◆ WHAT YOU WILL DO ◆
Could you write out, exactly as they stand, only the lines in the listing below from the line with "Igły: nitkowate, szmaragdowo" to the line with "普通焊接鋼管和精密焊接鋼管單", both ends included, without the pictures?

◆ DATA TO EXAMINE ◆
BEGIN

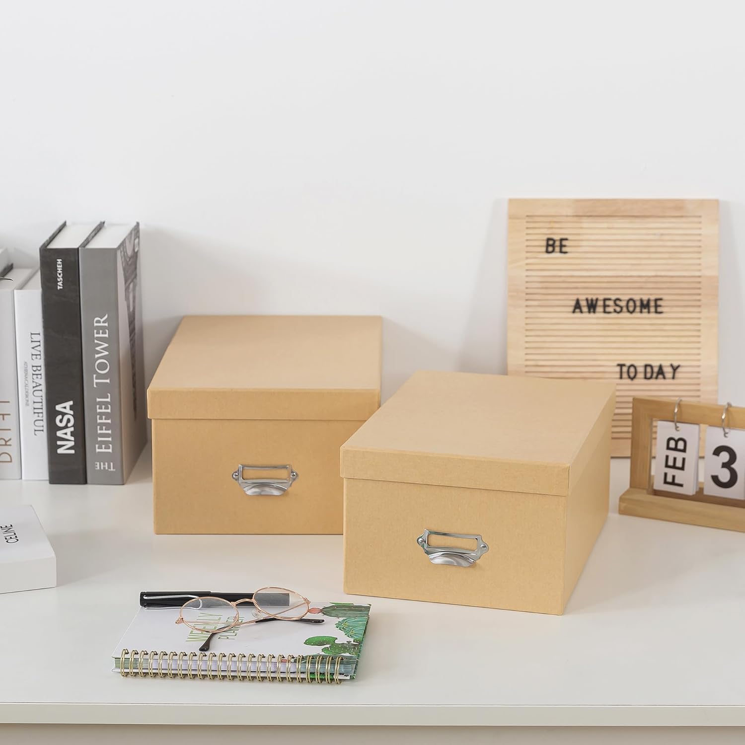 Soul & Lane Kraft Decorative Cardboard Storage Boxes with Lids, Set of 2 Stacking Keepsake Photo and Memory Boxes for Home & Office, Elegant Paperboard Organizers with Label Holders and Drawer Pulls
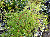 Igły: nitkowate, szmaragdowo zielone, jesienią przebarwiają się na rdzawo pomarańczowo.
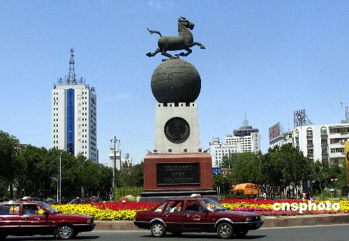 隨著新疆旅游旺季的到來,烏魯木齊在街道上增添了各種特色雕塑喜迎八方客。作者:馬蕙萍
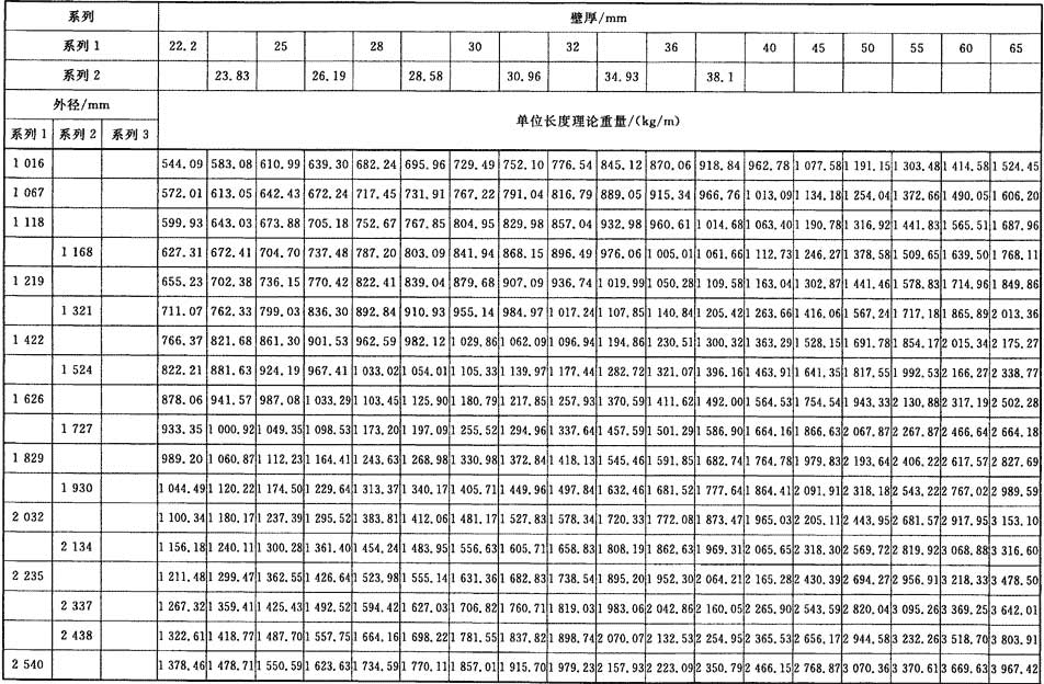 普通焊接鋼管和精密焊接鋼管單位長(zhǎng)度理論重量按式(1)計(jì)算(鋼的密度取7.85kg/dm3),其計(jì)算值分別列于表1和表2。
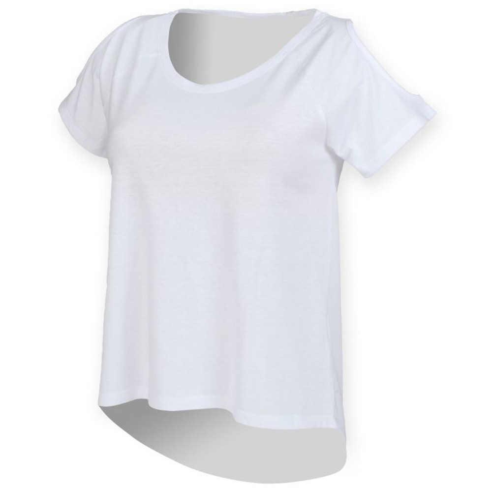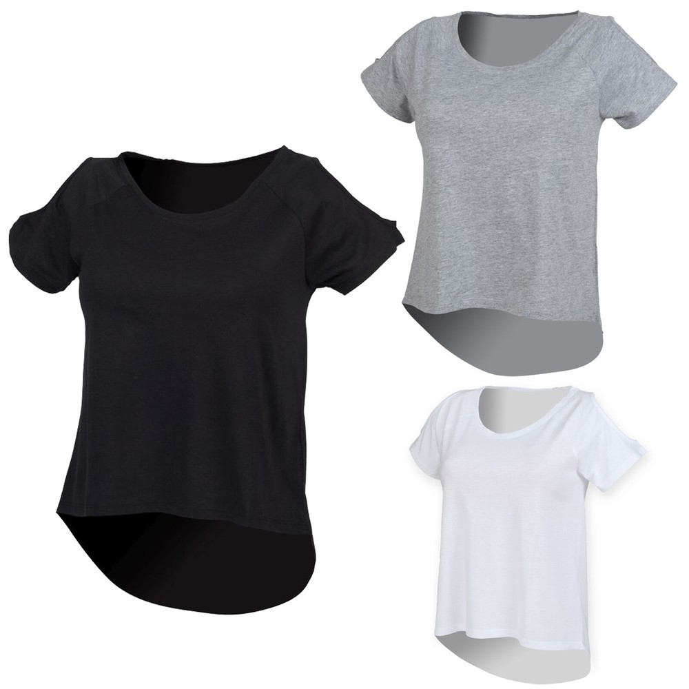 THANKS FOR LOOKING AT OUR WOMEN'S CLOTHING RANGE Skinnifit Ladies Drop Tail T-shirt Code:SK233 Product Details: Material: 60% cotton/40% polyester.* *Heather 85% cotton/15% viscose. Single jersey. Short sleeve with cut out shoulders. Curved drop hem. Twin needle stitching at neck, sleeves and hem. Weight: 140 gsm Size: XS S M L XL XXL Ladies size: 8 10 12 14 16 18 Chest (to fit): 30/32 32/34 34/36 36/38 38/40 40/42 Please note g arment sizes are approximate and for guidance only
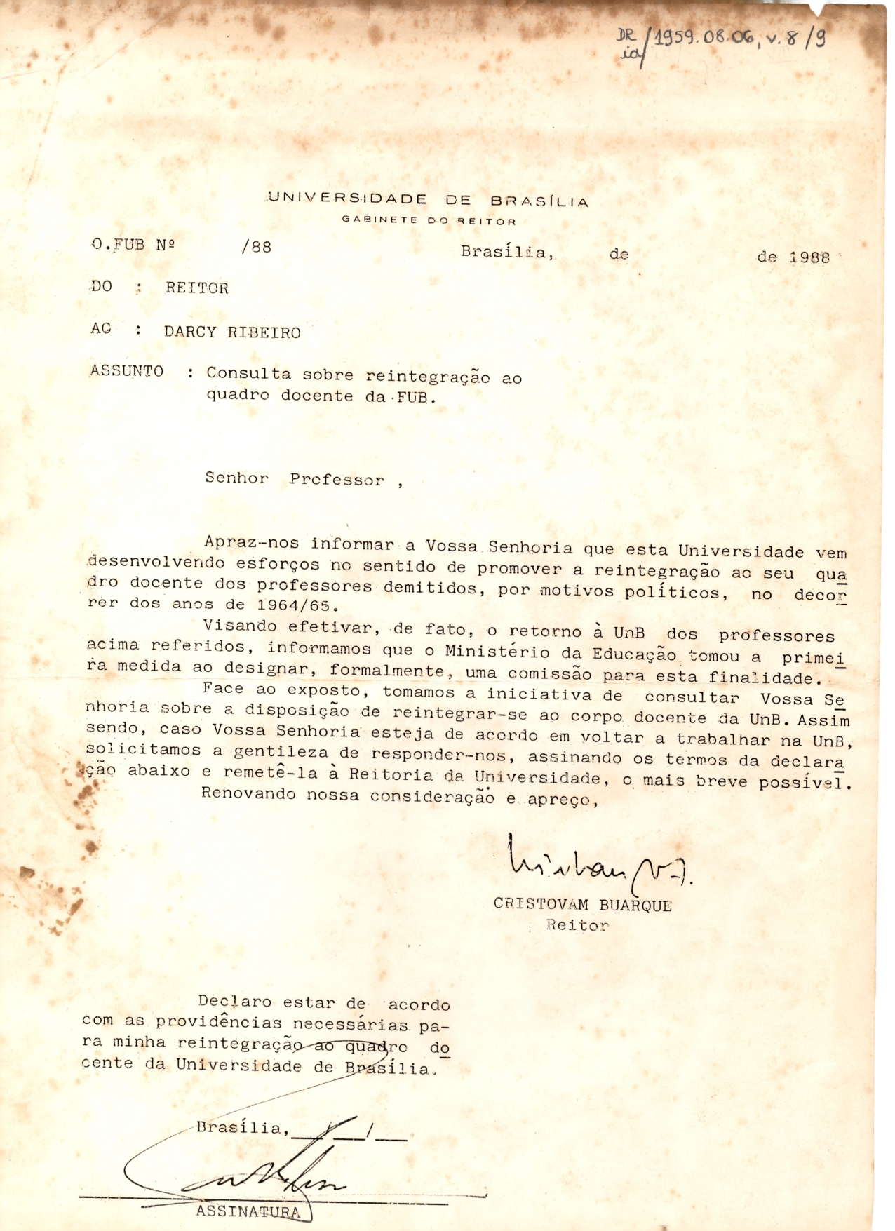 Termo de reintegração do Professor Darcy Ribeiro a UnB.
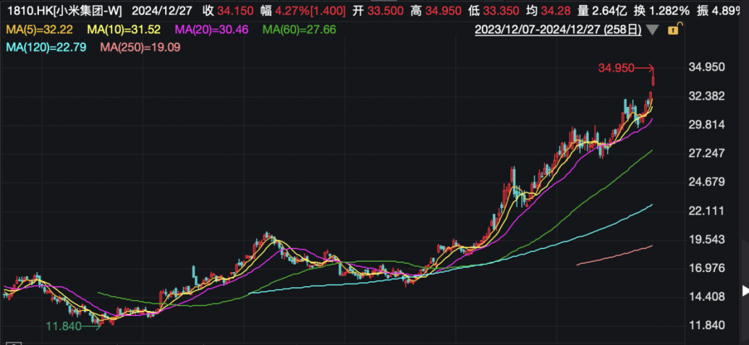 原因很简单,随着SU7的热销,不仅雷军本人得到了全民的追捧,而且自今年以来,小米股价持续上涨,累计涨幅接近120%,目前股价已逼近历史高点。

END

◆ ANSWER SECTION ◆
 Igły: nitkowate, szmaragdowo zielone, jesienią przebarwiają się na rdzawo pomarańczowo.
 隨著新疆旅游旺季的到來,烏魯木齊在街道上增添了各種特色雕塑喜迎八方客。作者:馬蕙萍
 普通焊接鋼管和精密焊接鋼管單位長(zhǎng)度理論重量按式(1)計(jì)算(鋼的密度取7.85kg/dm3),其計(jì)算值分別列于表1和表2。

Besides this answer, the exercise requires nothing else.